Problem statement:
Exactly the lines from the line with "昨晚,可容納千人的《四季周莊" through the final line of the records below, both ends included, are to be set down. Do not include pictures.

Data under study:
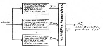 приходим к выводу о том, что структура устройства различения M сигналов должна быть многоканальной (М каналов), а оптимальная обВнработка сигналов в каждом канале должна сводиться к их когерентному накоплению (фильтровому или корреляционному) с одинаковым смещением
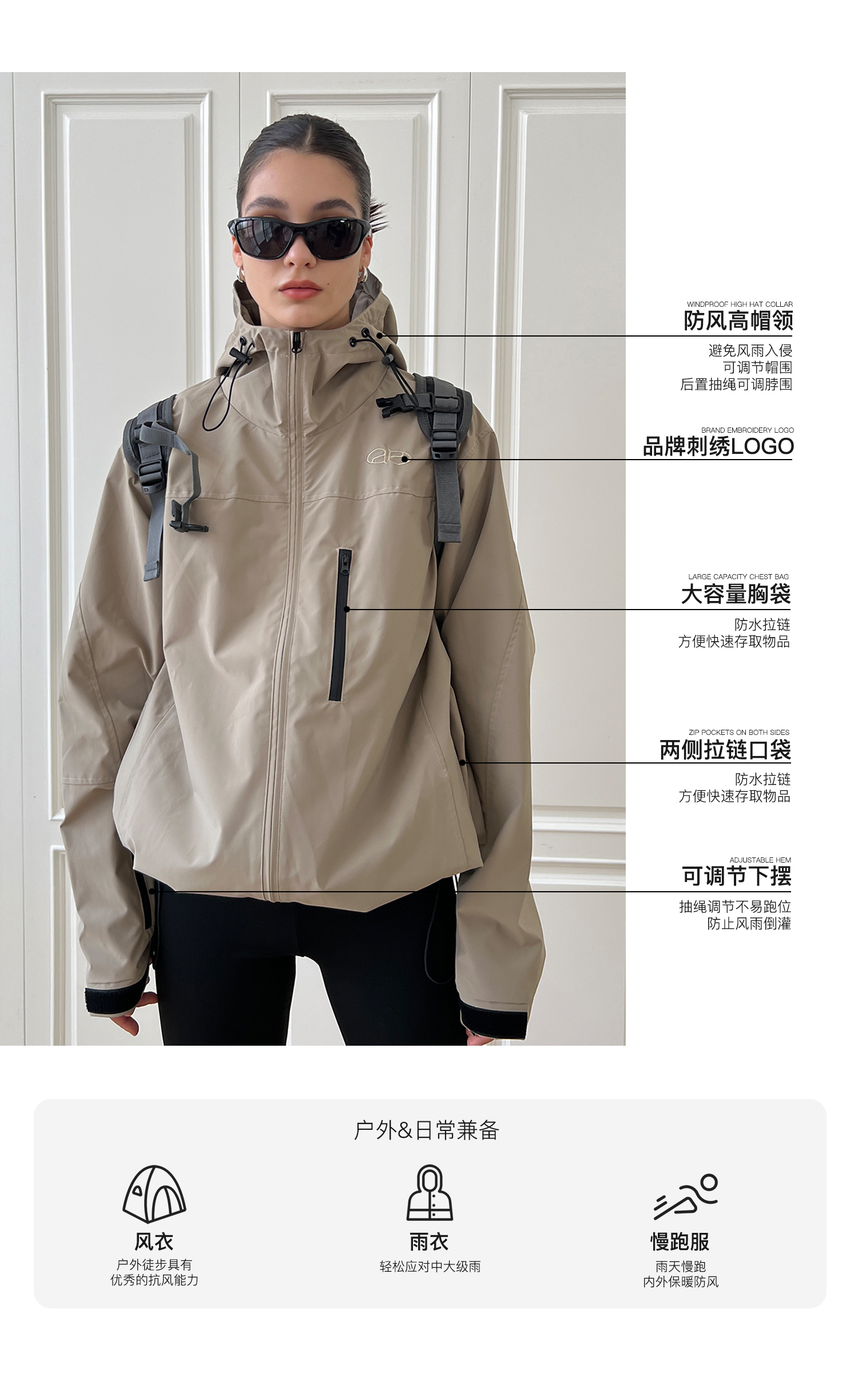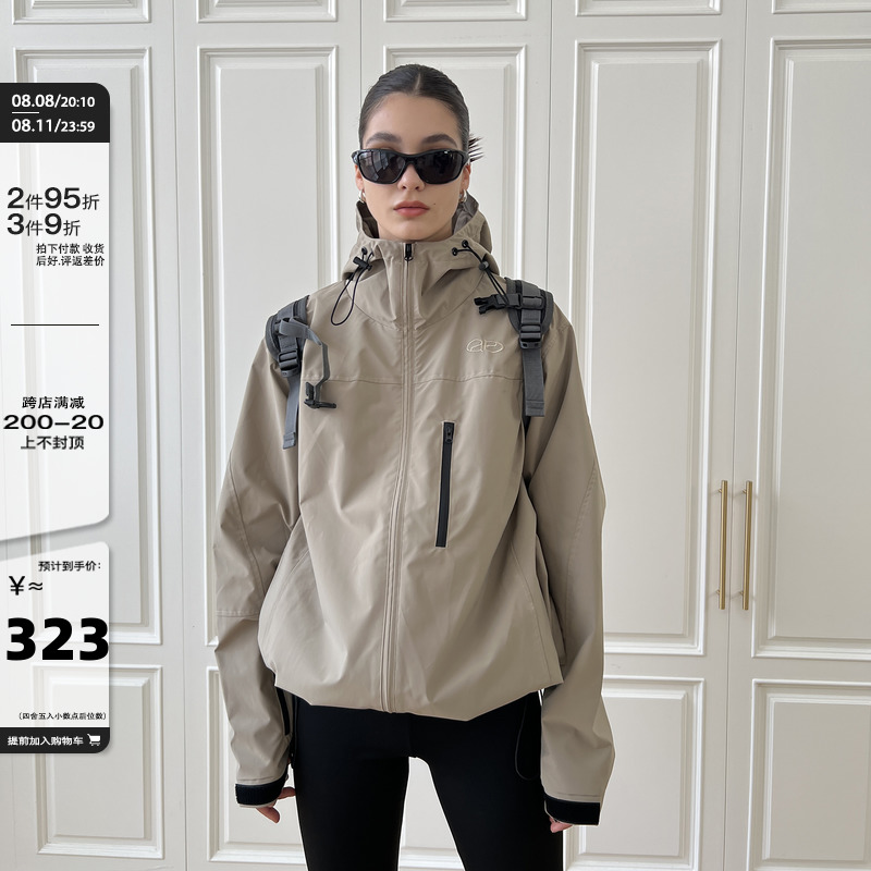 AE6604美式vintage衝鋒衣外套女春裝加絨潮牌戶外防水登山服夾克
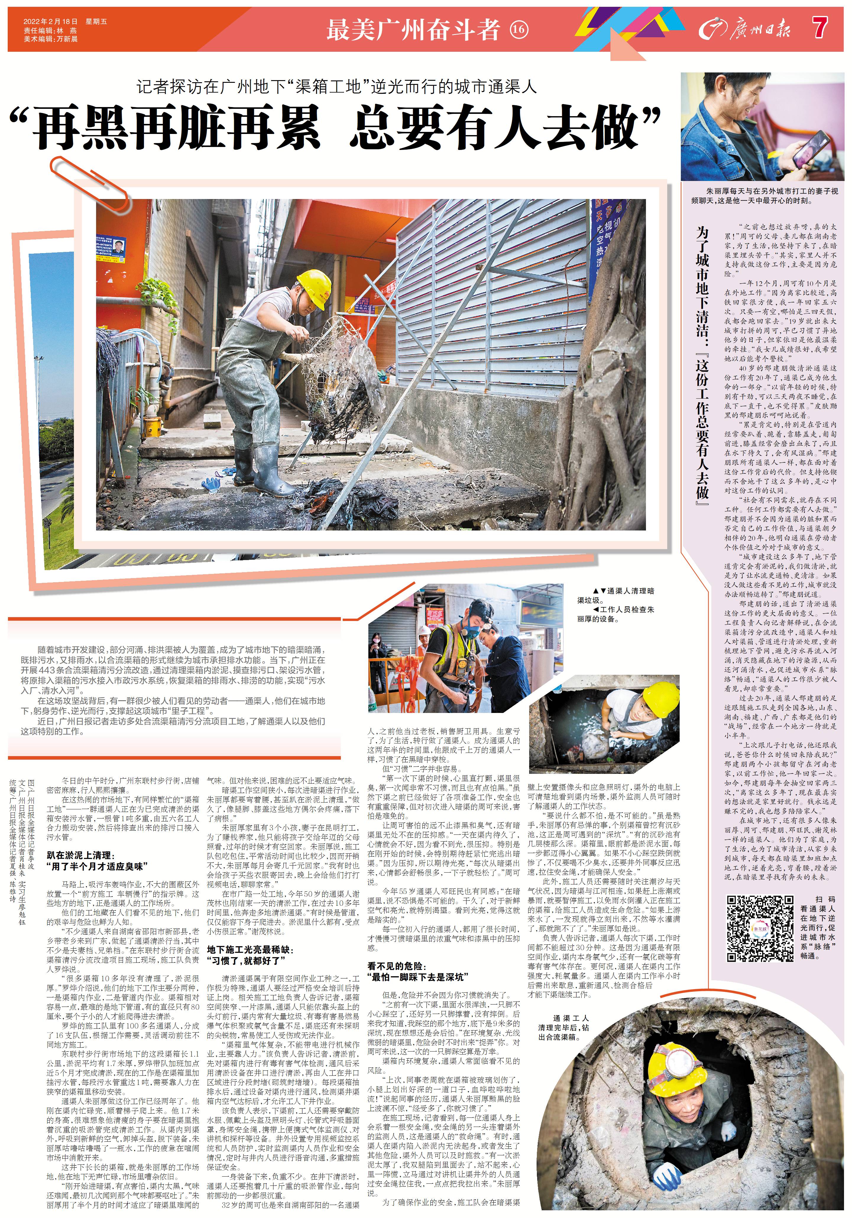 邢建朋的话,道出了清淤通渠这份工作的更大层面的意义。一位工程负责人向记者解释说,在合流渠箱清污分流改造中,通渠人和蛙人对渠箱、管道进行清淤处理,重新梳理地下管网,避免污水再流入河涌,消灭隐藏在地下的污染源,从而还河涌清水,也促进城市水系“脉络”畅通,“通渠人的工作很少被人看见,却非常重要。”
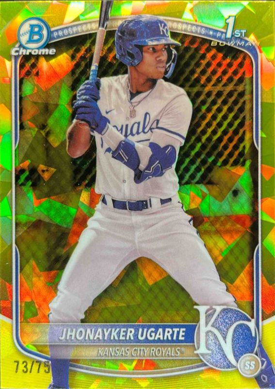 Jhonayker Ugarte's Baseball cards are available in at least 2 sets. Jhonayker Ugarte's biggest 7-day price movers are 2025 Bowman #CPA-JU Chrome Prospect Auto - Black Refractor /10 (1st), 2025 Bowman #CPA-JU Chrome Prospect Auto - Black X-Fractor /10 (1st), and 2025 Bowman #CPA-JU Chrome Prospect Auto - Blue Refractor /150 (1st).
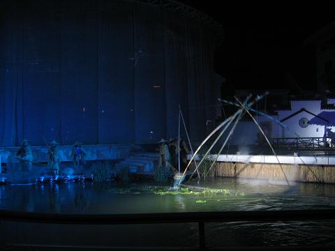 昨晚,可容納千人的《四季周莊》觀眾席座無虛席,演出的三個篇章--漁歌、漁婦、漁燈、漁作表現(xiàn)的“水韻周莊”;以春的《雨巷》、夏的《采藕》、秋的《豐收》、冬的《過年》反映的“四季周莊”;迎財神、打田財、阿婆茶、水鄉(xiāng)婚慶展示的“民俗周莊”,場面恢宏,江南水鄉(xiāng)文化的獨有性深深吸引著海內外游客眼球。
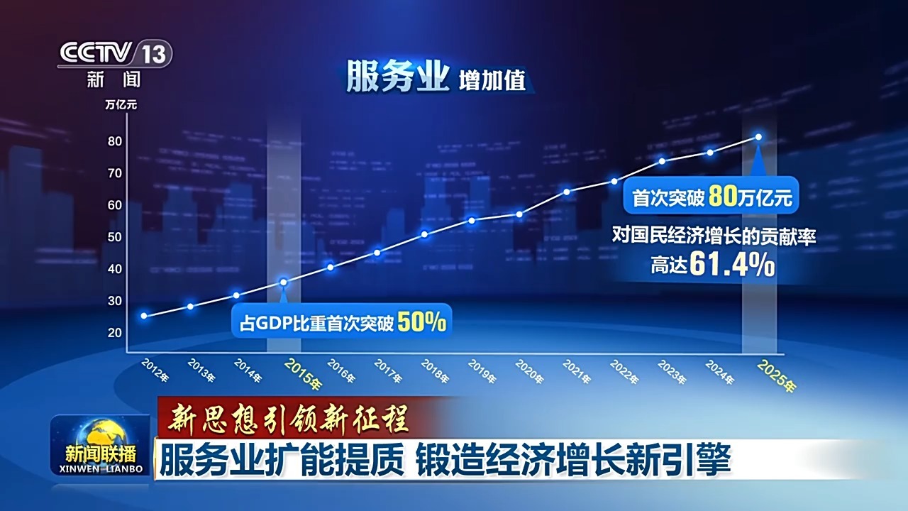 2015年,服务业增加值占国内生产总值的比重首次突破50%,此后连续11年占据国民经济半壁江山。2025年服务业规模首次突破80万亿元,对国民经济增长的贡献率高达61.4%,作为经济社会发展的主引擎地位更加坚实稳固。
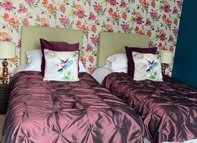 One of these rooms can be configured as either a super-kingsize double bed or as twin beds, depending on guest preference.
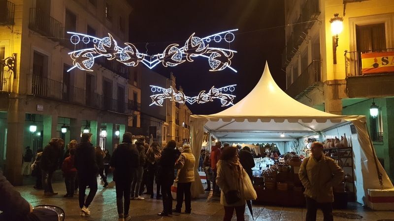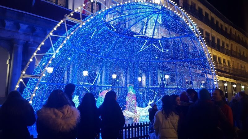 A las siete de la tarde, con un mando a distancia, Clara Luquero dio la orden de encender más de cien arcos colocados en las calles comerciales, en determinados enclaves urbanos como la Plaza Mayor, donde se han decorado los árboles y la fachada del Ayuntamiento y este año, como novedad, se ha ubicado un enorme pesebre de 6,5 metros de altura por 12 de ancho que ha sido muy criticado por los hosteleros de los soportales.
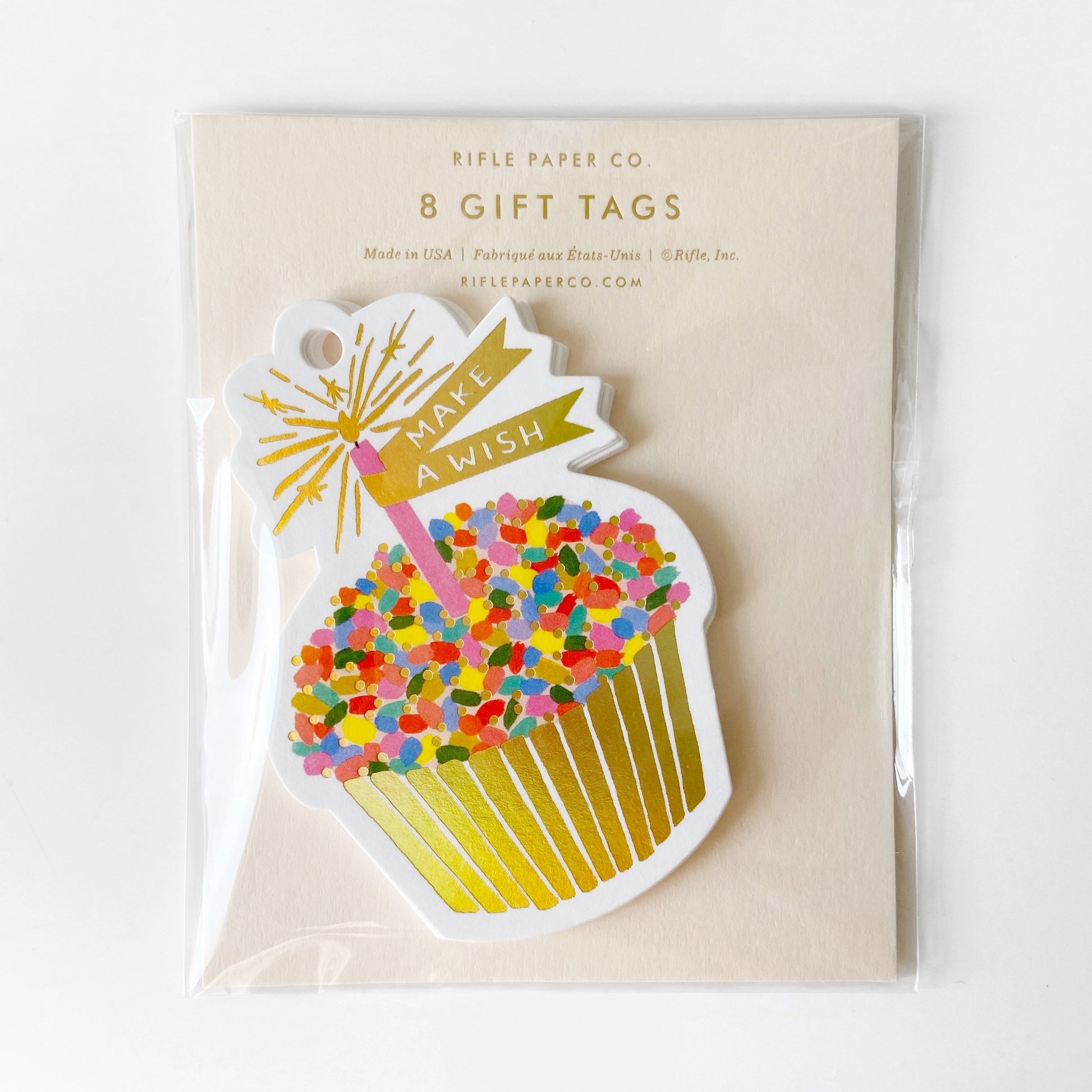 Add a shimmery finishing touch to your present with this pretty cupcake gift tag, which feature rainbow metallic accents and spaces for "To" and "From" on the back.

Written answer:
 昨晚,可容納千人的《四季周莊》觀眾席座無虛席,演出的三個篇章--漁歌、漁婦、漁燈、漁作表現(xiàn)的“水韻周莊”;以春的《雨巷》、夏的《采藕》、秋的《豐收》、冬的《過年》反映的“四季周莊”;迎財神、打田財、阿婆茶、水鄉(xiāng)婚慶展示的“民俗周莊”,場面恢宏,江南水鄉(xiāng)文化的獨有性深深吸引著海內外游客眼球。
 2015年,服务业增加值占国内生产总值的比重首次突破50%,此后连续11年占据国民经济半壁江山。2025年服务业规模首次突破80万亿元,对国民经济增长的贡献率高达61.4%,作为经济社会发展的主引擎地位更加坚实稳固。
 One of these rooms can be configured as either a super-kingsize double bed or as twin beds, depending on guest preference.
 A las siete de la tarde, con un mando a distancia, Clara Luquero dio la orden de encender más de cien arcos colocados en las calles comerciales, en determinados enclaves urbanos como la Plaza Mayor, donde se han decorado los árboles y la fachada del Ayuntamiento y este año, como novedad, se ha ubicado un enorme pesebre de 6,5 metros de altura por 12 de ancho que ha sido muy criticado por los hosteleros de los soportales.
 Add a shimmery finishing touch to your present with this pretty cupcake gift tag, which feature rainbow metallic accents and spaces for "To" and "From" on the back.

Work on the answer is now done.